In
Convolve and MIT v Compaq and Seagate, Convolve, Inc and the Massachusetts Institute of Technology sued Compaq Computer Corp (“Compaq”), Seagate Technology, LLC, and Seagate Technology, Inc (collectively “Seagate”) for, among other things, trade secret misappropriation.
Earlier, the US District Court for the Southern District of New York granted summary judgment in favour of the defendants and found that Compaq and Seagate did not misappropriate Convolve’s trade secrets. The plaintiffs appealed to the Court of Appeals for the Federal Circuit (“CAFC”). The CAFC has now affirmed the district court’s ruling on the trade secret issue.

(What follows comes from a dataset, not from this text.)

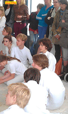 M heeft ervan genoten. Ze vond het dansen ook heel leuk en het meedoen met de groten. Zo mooi die trotse glimgezichten van de kinderen. Knap hoe je alles georgaiseerd had en zo kalm bleef! De muziek erbij was ook mooi en de Maitaart heerlijk. Eigenlijk wilde ik broertje T zondag niet meer mee laten gaan omdat wij het zaterdag al gezien hadden, maar hij wilde perse weer mee. Dus ook voor zeven-jarigen was er genoeg te genieten. J vond het ook mooi. Ze bekeken alles heel aandachtig.
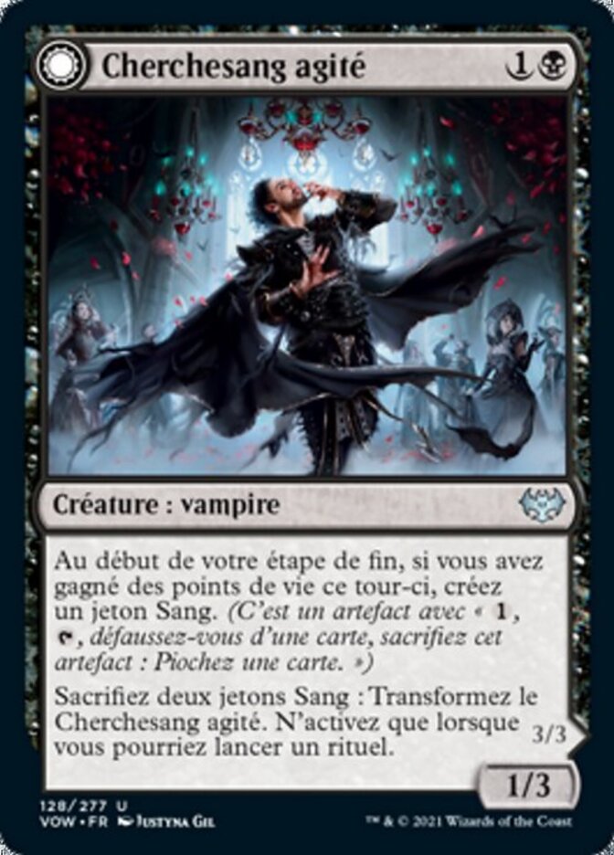 | Rules | At the beginning of your end step, if you gained life this turn, create a Blood token. (It's an artifact with ", , Discard a card, Sacrifice this artifact: Draw a card.") Sacrifice two Blood tokens: Transform Restless Bloodseeker. Activate only as a sorcery. // At the beginning of your end step, if you gained life this turn, create a Blood token. (It's an artifact with ", , Discard a card, Sacrifice this artifact: Draw a card.") : Each opponent loses 2 life and you gain 2 life. |

In 1998, Convolve and Compaq began licensing negotiations regarding Convolve’s technology and signed a non-disclosure agreement (“NDA”) to facilitate sharing of their respective confidential information. The NDA stated that, to trigger either party’s obligations, the disclosed information must be: (1) marked as confidential at the time of disclosure; or (2) unmarked, but treated as confidential at the time of disclosure, and
later designated confidential in a written memorandum summarizing and identifying the confidential information.
After the NDA was in place, Compaq, Seagate and Convolve had a meeting, during which Convolve gave a presentation regarding its input shaping technology and its application to computer disk drives. Notably, the parties acknowledged in writing after the meeting that any oral disclosure of confidential information during that meeting was covered by the NDA. However, Convolve gave two other presentations to Compaq and Seagate in 1999, but did not state in writing that any of the disclosures during or in connection with those later meetings were confidential. Convolve failed to reach a licensing deal with Compaq and Seagate regarding the signal shaping technology.
The CAFC concluded that Seagate did not breach the NDA to the extent it may have appropriated the information disclosed because the information was disclosed without the written confidentiality follow-up memorandum mandated by the NDA. Convolve argued that, even if it failed to disclose or confirm the confidentiality of its trade secrets in writing, its tort claims should succeed as they pled misappropriation under the
California Uniform Trade Secrets Act (“CUTSA”), which does not require trade secrets to be identified as such in writing. According to Convolve, CUTSA provides that confidential relationships can be express or implied, and can depend on whether the defendant knew or should have known that disclosures were made in circumstances that compelled the receiving party to maintain confidentiality.
The CAFC found that the written NDA supplanted any other duty of confidentiality that may have existed between the parties. Since the parties had contracted the limits of their confidential relationship through the NDA, one party should not be able to impose new obligations on the other party via some implied duty of confidentiality. Further, CUTSA states that misappropriation occurs when a trade secret is acquired under circumstances giving rise to a duty to maintain its secrecy. Such duty never arose in this case since Convolve disclosed its alleged trade secrets to Seagate pursuant to the provisions of the NDA but failed to follow procedures to protect the shared confidential information.